To the contrary, scientists said, powerful new satellite tracking studies of birds on the wing — including one that coincided with the height of Hurricane Sandy’s fury — reveal birds as the supreme masters of extreme weather management, able to skirt deftly around gale-force winds, correct course after being blown horribly astray, or even use a hurricane as a kind of slingshot to propel themselves forward at hyperspeed.

“We must remind ourselves that 40 to 50 percent of birds are migratory, often traveling thousands of miles a year between their summer and winter grounds,” said Gary Langham, chief scientist of the National Audubon Society in Washington. “The only way they can accomplish that is to have amazing abilities that are far beyond anything we can do.”

Hurricane Sandy (2012) did not disappoint.

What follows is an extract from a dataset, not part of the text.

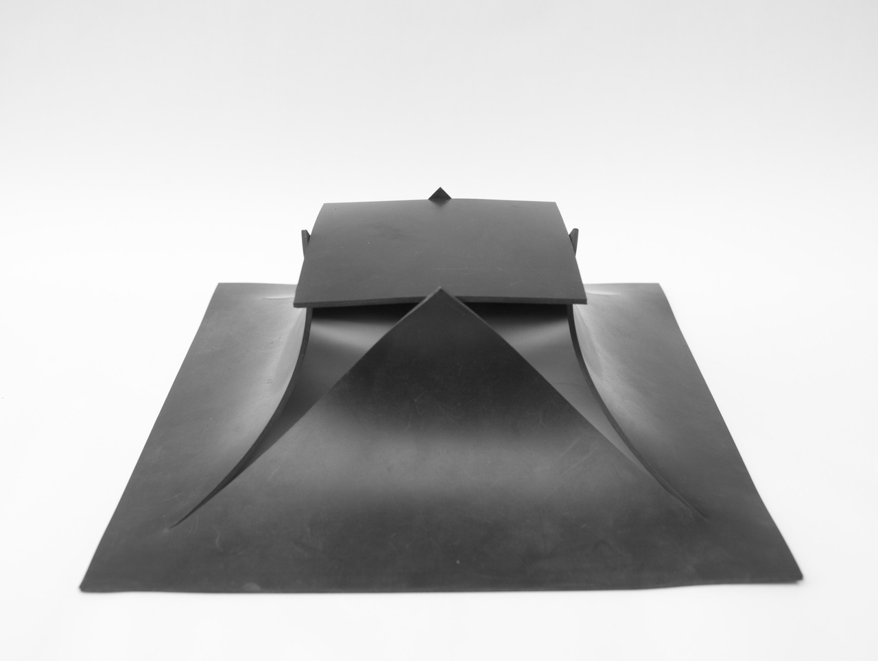 Vierkanten van rubber. Eén vierkant is op de diagonalen gesneden en door het open te klappen vangt het een kleiner vierkant.

As an enormous hybrid of winter and tropical storm fronts with a huge reach, it pulled in a far more diverse group of birds than the average hurricane, and Web sites like eBird and BirdCast were alive with thrilled reports of exceptional sightings — of the European shorebird called the northern lapwing showing up in Massachusetts; of Eastern wood-pewees that should have been in Central and South Americasuddenly appearing again in New York and Ontario; of Trinidad Petrels, which normally spend their entire lives over the open ocean off Brazil, popping up in western Pennsylvania; and of flocks of Leach’s storm-petrels and pomarine jaegers, arctic relatives of gulls, making unheard-of tours far inland and through Manhattan.”